- Dadupur Location in Uttar Pradesh, India Dadupur Dadupur (India)
- Coordinates: 26°41′21″N 80°49′02″E﻿ / ﻿26.689262°N 80.817116°E
- Country: India
- State: Uttar Pradesh
- District: Lucknow

Area
- • Total: 1.259 km^{2} (0.486 sq mi)

Population (2011)
- • Total: 1,406
- • Density: 1,117/km^{2} (2,892/sq mi)

Languages
- • Official: Hindi
- Time zone: UTC+5:30 (IST)

= Dadupur =

Village in Uttar Pradesh, India

Dadupur is a village in Sarojaninagar block of Lucknow district, Uttar Pradesh, India. As of 2011, its population was 1,406, in 229 households. It is the seat of a gram panchayat.

== Archaeology ==
Archaeological excavation here at Dadupur in 2000-01, under the direction of Rakesh Tewari and R. K. Srivastava, indicated the presence of an early settlement in three basic phases.
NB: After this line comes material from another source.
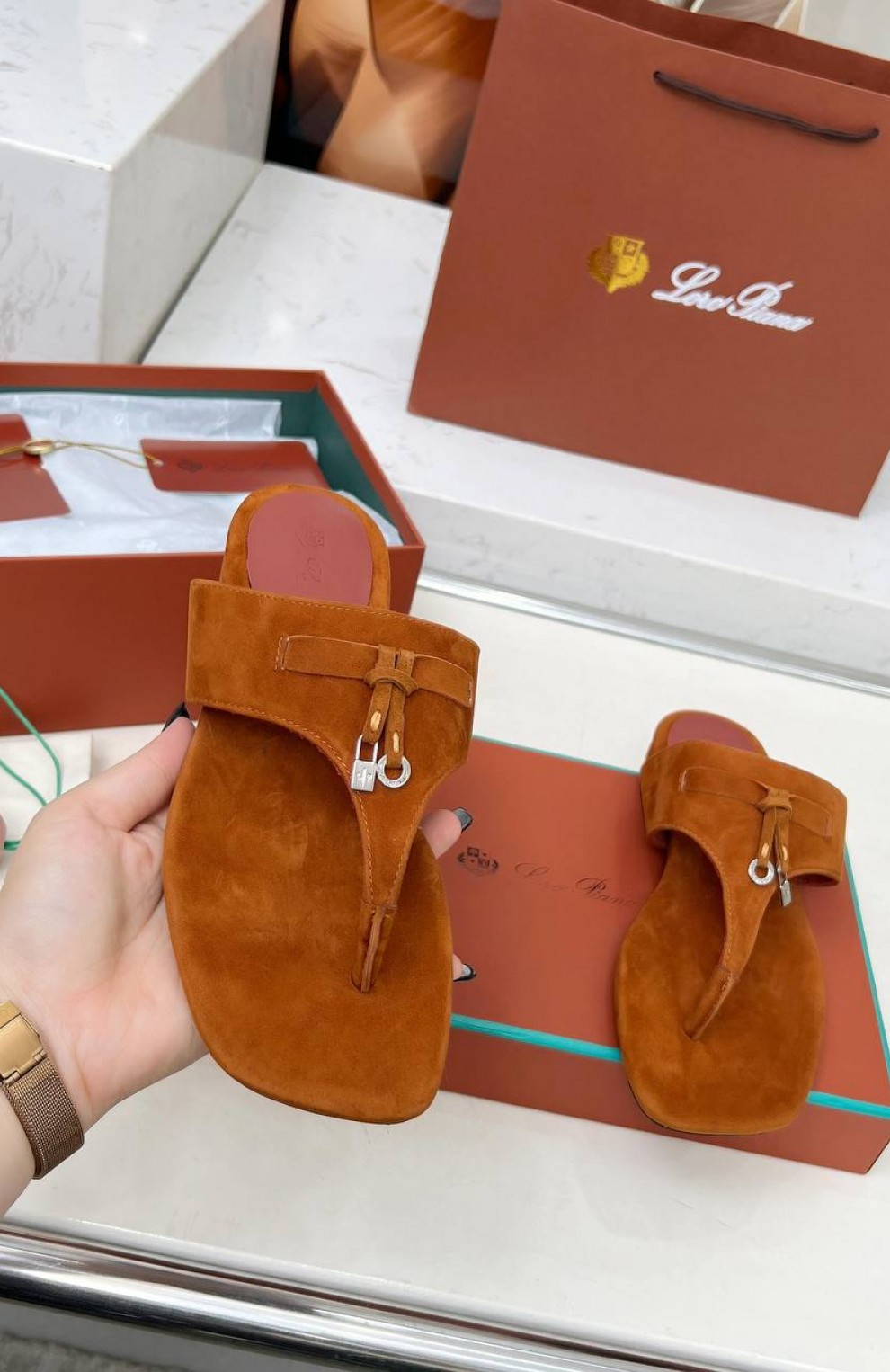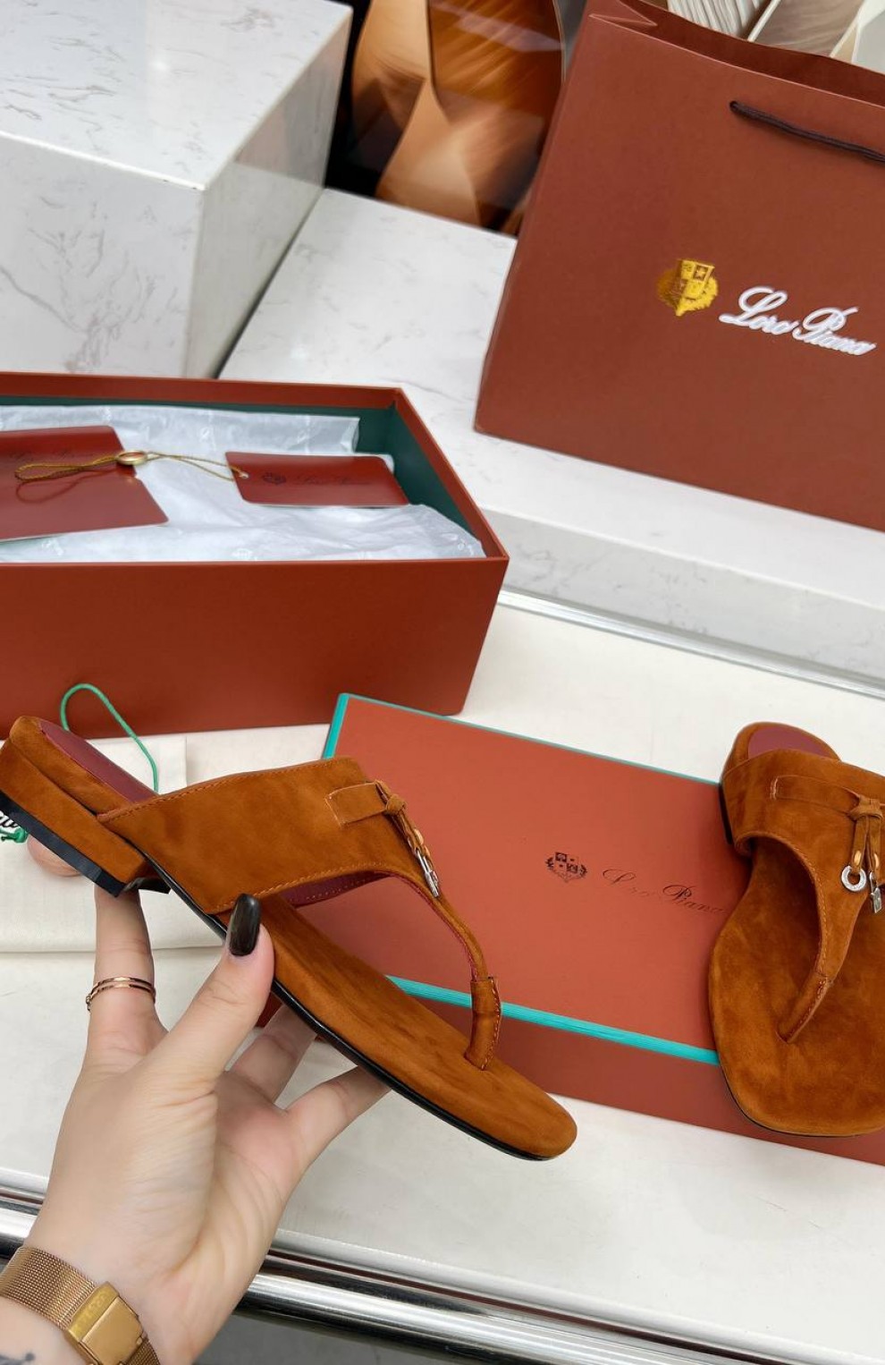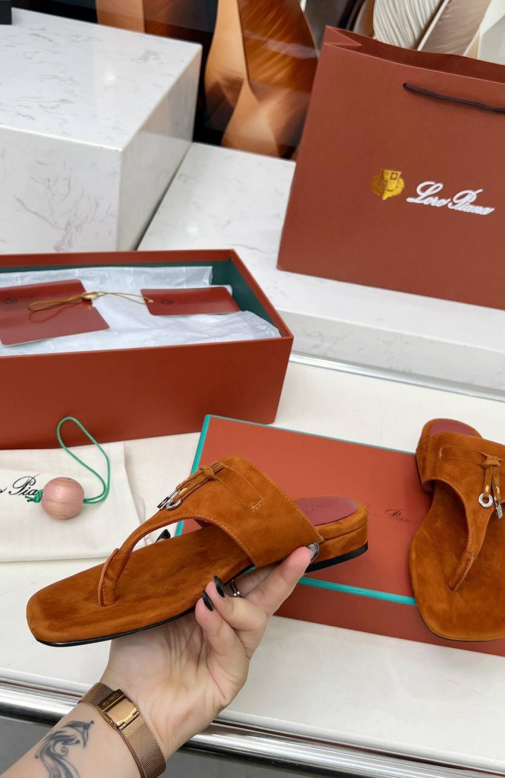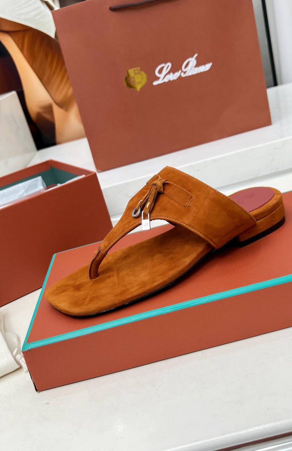 Женские замшевые шлёпанцы Loro Piana Premium - Brown

The first period consisted of layers 8 through 12, which were the lowest layers at the site. The "lower limit" of the first period was estimated to be a calibrated 1500 BCE. During this period, inhabitants generally lived in wattle-and-daub structures. A few kiln-fired bricks were found among the remains from this period, but no traces of brick structures were found. The second phase belongs to the Painted Grey Ware culture, but the corresponding layers (layers 7 and 7a) were much smaller than the others — about 20-35 cm thick, compared to 2-2.5 m for the first (earliest) period and 1.6 m for the third (latest) period. As for the third period, corresponding to the uppermost layers 1 through 6, it was associated with the Northern Black Polished Ware culture, with Painted Grey Ware remaining in use during this period.